+++ Provided records

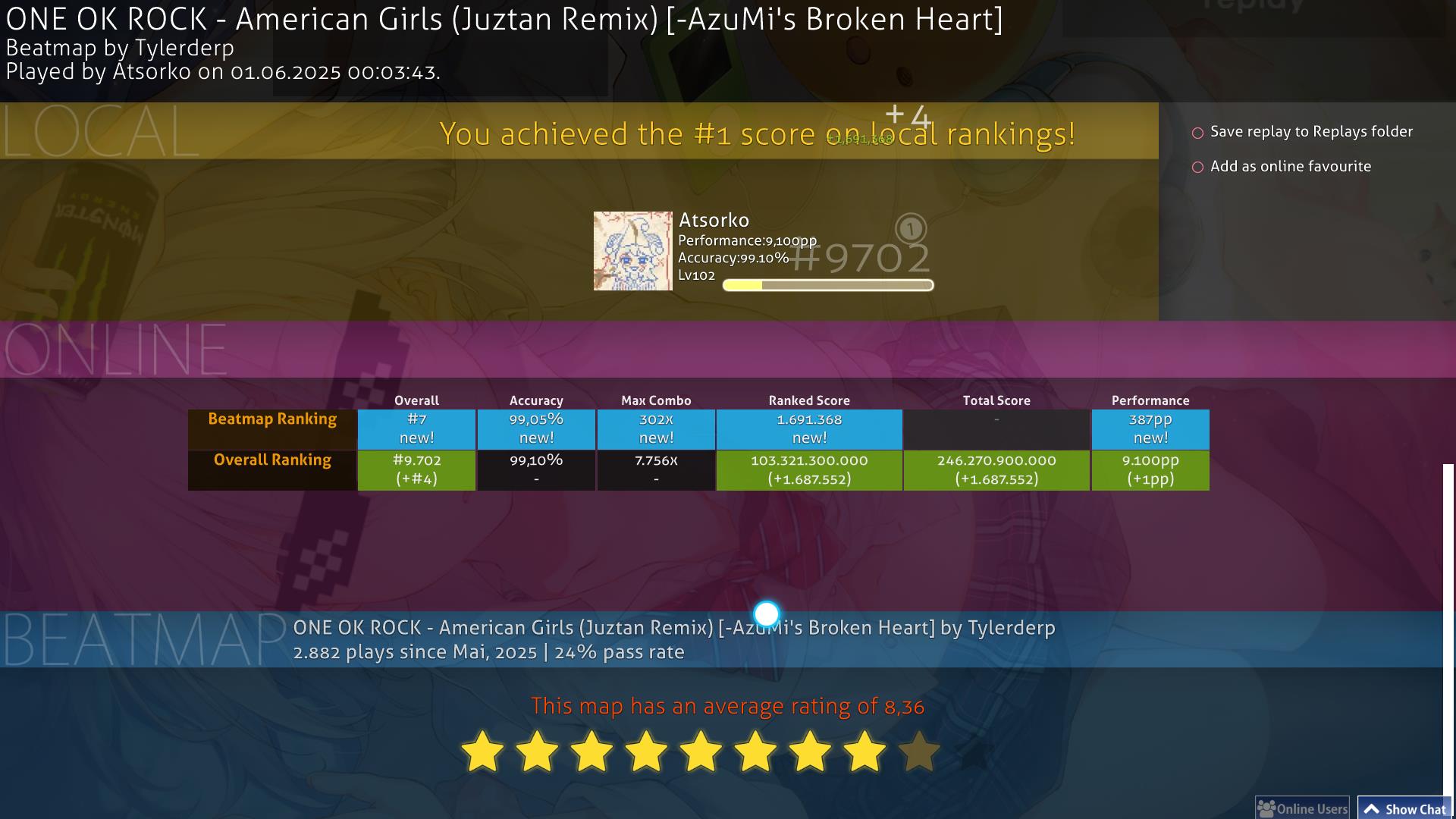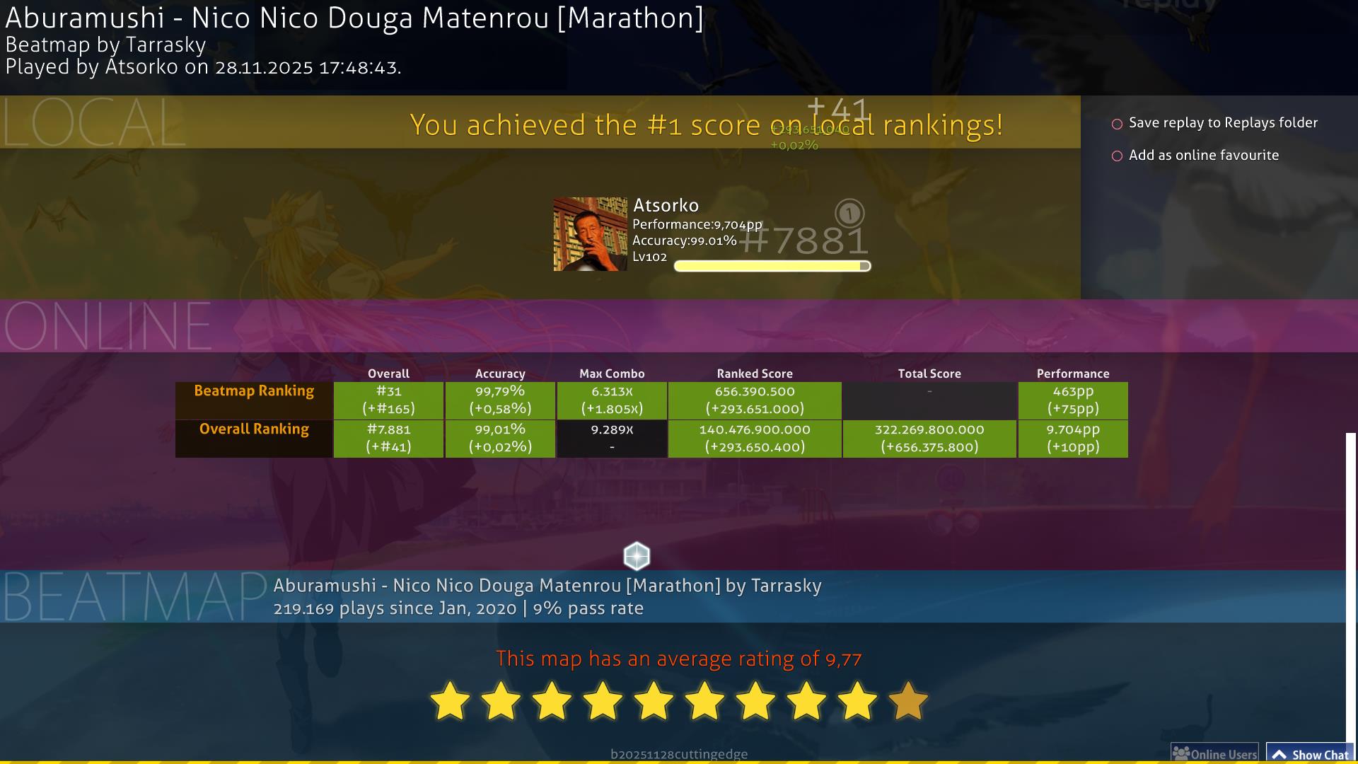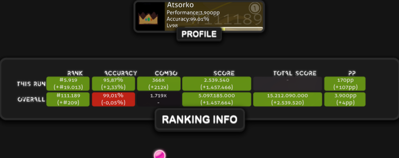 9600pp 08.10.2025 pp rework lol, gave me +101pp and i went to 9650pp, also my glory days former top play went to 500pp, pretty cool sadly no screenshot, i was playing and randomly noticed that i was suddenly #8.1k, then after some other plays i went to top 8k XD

++++++
+++ Provided records

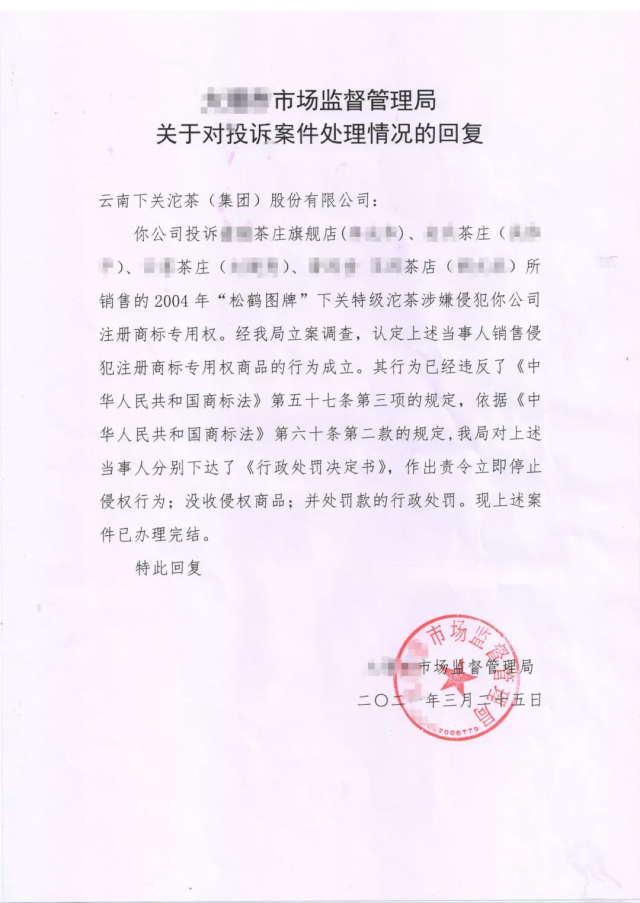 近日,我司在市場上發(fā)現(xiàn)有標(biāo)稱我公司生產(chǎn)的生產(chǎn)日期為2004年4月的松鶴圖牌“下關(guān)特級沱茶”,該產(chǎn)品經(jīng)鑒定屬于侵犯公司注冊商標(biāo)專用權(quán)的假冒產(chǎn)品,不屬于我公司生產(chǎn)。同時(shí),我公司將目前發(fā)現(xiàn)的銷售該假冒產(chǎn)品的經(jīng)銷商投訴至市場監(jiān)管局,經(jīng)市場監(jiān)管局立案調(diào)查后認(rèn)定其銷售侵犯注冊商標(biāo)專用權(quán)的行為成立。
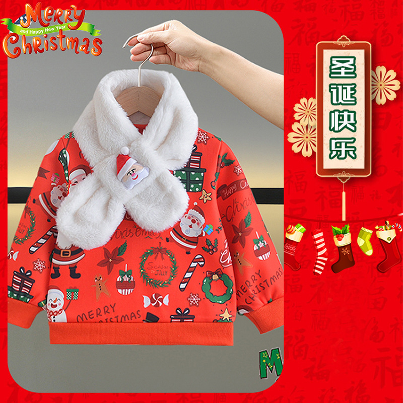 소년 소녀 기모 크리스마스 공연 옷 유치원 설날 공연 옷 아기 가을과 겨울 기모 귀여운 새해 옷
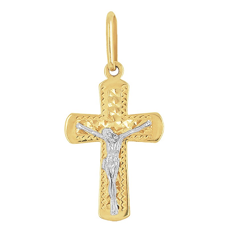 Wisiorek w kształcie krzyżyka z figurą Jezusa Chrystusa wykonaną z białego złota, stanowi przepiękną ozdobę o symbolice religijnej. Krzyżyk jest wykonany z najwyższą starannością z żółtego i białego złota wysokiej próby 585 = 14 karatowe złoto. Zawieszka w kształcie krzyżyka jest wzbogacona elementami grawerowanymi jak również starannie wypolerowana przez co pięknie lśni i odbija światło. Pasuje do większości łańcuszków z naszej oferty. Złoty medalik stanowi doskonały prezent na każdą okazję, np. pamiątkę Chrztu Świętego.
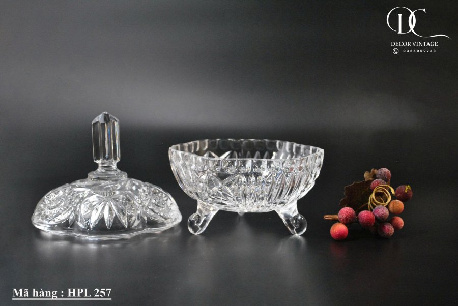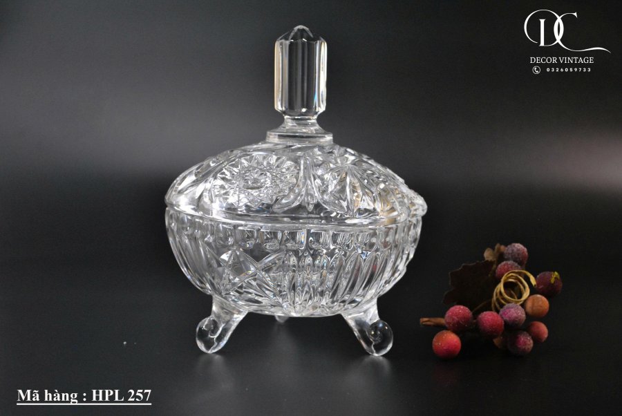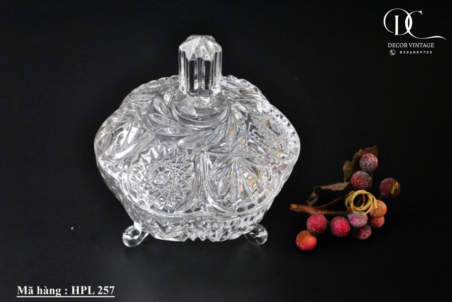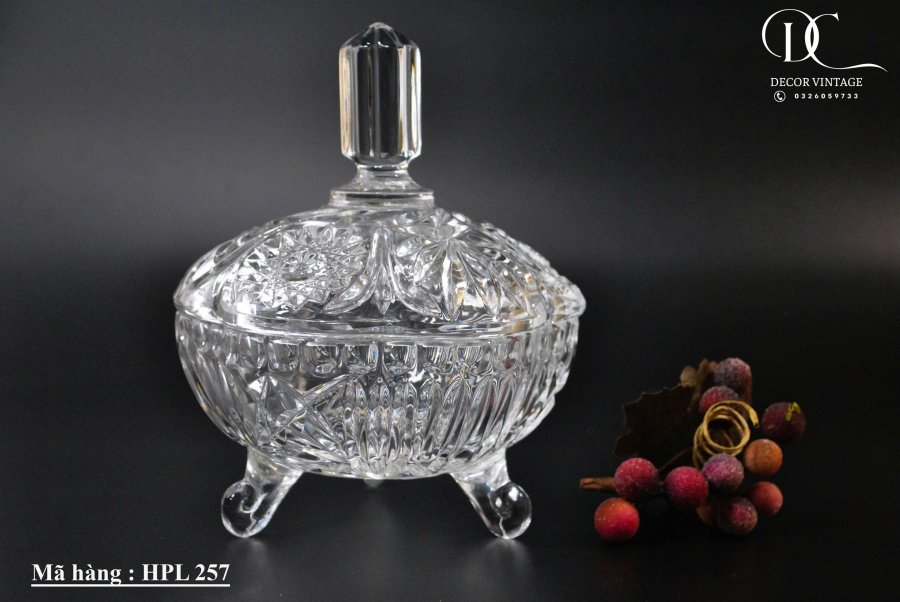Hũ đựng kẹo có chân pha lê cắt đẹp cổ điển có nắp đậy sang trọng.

++++++

Only the lines starting at the one with "Wisiorek w kształcie" and ending at the one with "Hũ đựng kẹo" should be printed, each exactly as it appears in the material above; the pictures are to be omitted.

Result of the task →
 Wisiorek w kształcie krzyżyka z figurą Jezusa Chrystusa wykonaną z białego złota, stanowi przepiękną ozdobę o symbolice religijnej. Krzyżyk jest wykonany z najwyższą starannością z żółtego i białego złota wysokiej próby 585 = 14 karatowe złoto. Zawieszka w kształcie krzyżyka jest wzbogacona elementami grawerowanymi jak również starannie wypolerowana przez co pięknie lśni i odbija światło. Pasuje do większości łańcuszków z naszej oferty. Złoty medalik stanowi doskonały prezent na każdą okazję, np. pamiątkę Chrztu Świętego.
Hũ đựng kẹo có chân pha lê cắt đẹp cổ điển có nắp đậy sang trọng.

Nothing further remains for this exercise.